Abstract
Background/Aim: Oral epithelial cells serve as the primary defense against microbial exposure in the oral cavity, including the fungus Candida albicans. Dectin-1 is crucial for recognition of β-glucan in fungi. However, expression and function of Dectin-1 in oral epithelial cells remain unclear. Materials and Methods: We assessed Dectin-1 expression in Ca9-22 (gingiva), HSC-2 (mouth), HSC-3 (tongue), and HSC-4 (tongue) human oral epithelial cells using flow cytometry and real-time polymerase chain reaction. Cell treated with β-glucan-rich zymosan were evaluated using real-time polymerase chain reaction. Phosphorylation of spleen-associated tyrosine kinase (SYK) was analyzed by western blotting. Results: Dectin-1 was expressed in all four cell types, with high expression in Ca9-22 and HSC-2. In Ca9-22 cells, exposure to β-glucan-rich zymosan did not alter the mRNA expression of chemokines nor of interleukin (IL)6, IL8, IL1β, IL17A, and IL17F. Zymosan induced the expression of antimicrobial peptides β-defensin-1 and LL-37, but not S100 calcium-binding protein A8 (S100A8) and S100A9. Furthermore, the expression of cylindromatosis (CYLD), a negative regulator of nuclear factor kappa B (NF-κB) signaling, was induced. In HSC-2 cells, zymosan induced the expression of IL17A. The expression of tumor necrosis factor alpha-induced protein 3 (TNFAIP3), a negative regulator of NF-κB signaling, was also induced. Expression of other cytokines and antimicrobial peptides remained unchanged. Zymosan induced phosphorylation of SYK in Ca9-22 cells, as well as NF-κB. Conclusion: Oral epithelial cells express Dectin-1 and recognize β-glucan, which activates SYK and induces the expression of antimicrobial peptides and negative regulators of NF-κB, potentially maintaining oral homeostasis.
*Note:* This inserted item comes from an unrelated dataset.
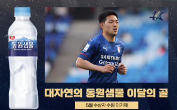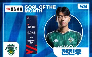 전북 현대 전진우가 2025시즌 5월 K리그 ‘안심을 마시다 동원샘물 이달의 골’을 수상했다. K리그 5월의 선수상까지 차지한 그는 본인이 왜 대세인지를 증명했다.동원F&B가 후원하는 ‘안심을 마시다 동원샘물 이달의 골'은 매월 가장 인상 깊은 득점을 터뜨린 선수에게 수여하는 상이다. 두 명의 후보를 대상으로 K리그 멤버십 어플리케이션 ’Kick’을 통한 팬 투표를 진행해 수상자를 결정한다. 투표는 가입자당 기간 내 1일 1회씩, 총 3회 참여할 수 있다.5월 ‘이달의 골’은 K리그1 11~17라운드 경기를 대상으로 했고, 후보는 전북 전진우와 포항 스틸러스 이호재였다.전진우는 16라운드 대구전에서 후반 20분 날카로운 돌파로 상대 수비를 무너뜨린 후 강력한 오른발 슛을 성공시키며 상대 골문을 갈랐다. 이호재는 13라운드 수원FC전에서 후반 시작 직후 강력한 터닝슛을 꽂아 넣으며 5월 이달의 골 후보에 올랐다.‘Kick’ 팬 투표는 이번 달 11일(수)부터 13일(금)까지 3일간 실시했다. 그 결과 전진우가 6614표(80%)를 받아 1700표(20%)를 받은 이호재를 제치고 ‘5월 이달의 골’을 차지했다. 전진우에게는 상금 100만 원과 함께 트로피가 주어진다. 연맹은 올 시즌부터 이달의 골 수상자의 친필 사인을 받은 레플리카 트로피를 제작해 기부 경매를 진행하고 있다.동원F&B의 먹는샘물 브랜드 동원샘물은 경기도 연천군, 충북 괴산군, 전북 완주군 등의 청정지역 심층 암반수를 취수해 천연 미네랄이 풍부한 친환경 생수다. 동원F&B는 자체 캐릭터인 ‘건강수’를 통해 SNS에서 MZ세대와 소통하고 있으며 공병 경량화, 무라벨 도입 등 친환경 요소를 강화하는 ESG 경영에도 앞장서고 있다.김희웅 기자

Oral epithelial cells serve as the frontline defense barrier against pathogenic microorganisms, playing a crucial role in preventing infection onset (1). These epithelial cells respond to pathogenic microorganisms by releasing antimicrobial peptides, chemokines, and cytokines (1). The induction of these molecules is initiated by the recognition of pathogen-associated molecular patterns through pattern recognition receptors (1, 2). These encompass various types of receptors, such as toll-like receptors (TLRs) and C-type lectin receptors (3). Specifically, TLR4 acts a receptor for lipopolysaccharide and plays a pivotal role in periodontitis development and progression (4).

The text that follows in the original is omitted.